Download notebook and training code to the notebook instance

For the purpose of this workshop the code required to build and train the Machine Learning model is pre-implemented and available for download from GitHub.

As a consequence, in this section we will clone the GitHub repository into the Amazon SageMaker notebook instance and access the Jupyter notebook to run training.

  1. Click on New > Terminal in the right-hand side of the Jupyter interface

    Amazon SageMaker

    This will open a terminal window in the Jupyter interface

    Amazon SageMaker

  2. Execute the following commands in the terminal

    cd SageMaker
    git clone https://github.com/giuseppeporcelli/smlambdaworkshop
  3. When the clone operation completes, close the terminal window and return to the Jupyter landing page. The folder smlambdaworkshop will appear automatically (if not, you can hit the Refresh button)

    Amazon SageMaker

  4. Browse to the folder smlambdaworkshop > training and open the file sms_spam_classifier_mxnet.ipynb

Execute notebook code and run training

We are ready to execute the steps for building and training our Machine Learning model!

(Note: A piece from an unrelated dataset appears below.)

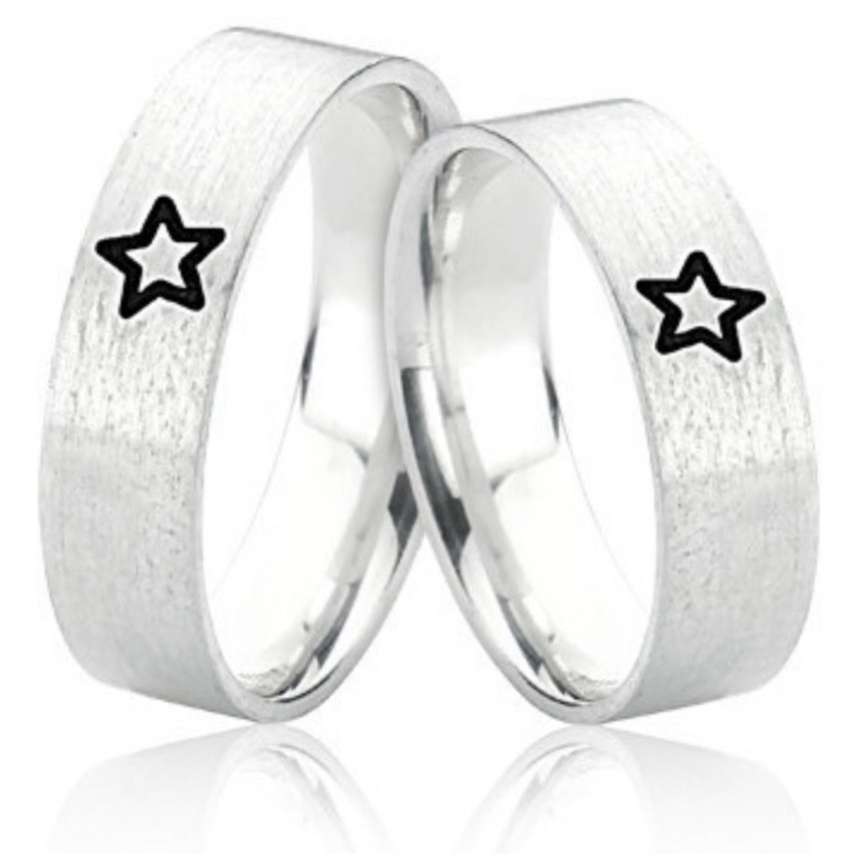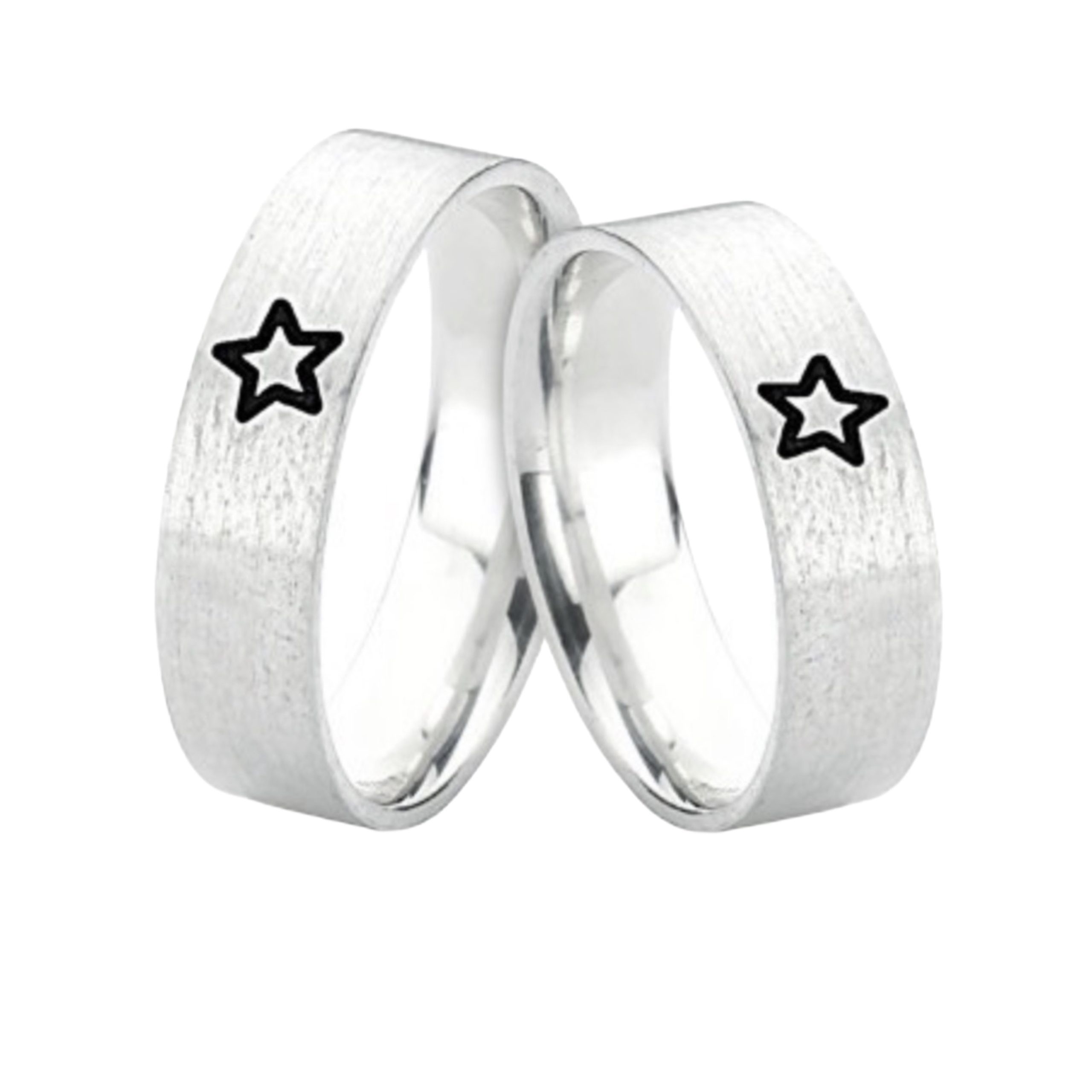Par De Alianças Prata Em Aço Cirúrgico 4mm Estrela Fosco Lixado- Ideal para namoro, noivado e compromisso.

  1. Once the notebook file is opened, you will be asked to set a kernel. Choose conda_mxnet_p36 and click on Set Kernel. Kernels in Jupyter are responsible of code execution, providing replyies, etc. and generally allow the execution of a single programming language.

    Amazon SageMaker

  2. We will use the Jupyter Notebook as the interface for buiding our model and call Amazon SageMaker for training. Jupyter allows code execution by selecting the code cell and pressing on the Run button in the toolbar (alternatively, you can use the SHIFT + Enter keyboard shortcut.

    Amazon SageMaker

  3. Next steps are documented in the Jupyter notebook itself. From an high-level perspective, the notebook code will:

    • Download the dataset to the notebook instance
    • Execute some pre-processing to vectorize SMS messages
    • Split the dataset 80%/20% (training/validation)
    • Build a neural-network using Gluon, a deep-learning interface for Apache MXNet
    • Execute training on Amazon SageMaker

    The notebook code does not need to be modified, except for the name of the Amazon S3 bucket that you have created and used in the previous sections.

    Amazon SageMaker

  4. Execute all the cells in sequence (note that while the code in a cell is running the interface shows [*] to the upper-left of the cell) up to the execution of the training, which will start a Training Job in Amazon SageMaker.

    Amazon SageMaker

    You will see several outputs in the notebook, showing the progress of the training process.

  5. You can also monitor the status of the training job from the Amazon SageMaker console

    Amazon SageMaker

  6. When the training job completes successfully, you can move to the next section!

    Please note that the notebook code includes also other steps which allow to automatically deploy the trained ML model to the managed hosting service provided by Amazon SageMaker, which will create a real-time endpoint that can be invoked to get inferences. Those steps are not mandatory for this workshop and are implemented for educational purposes.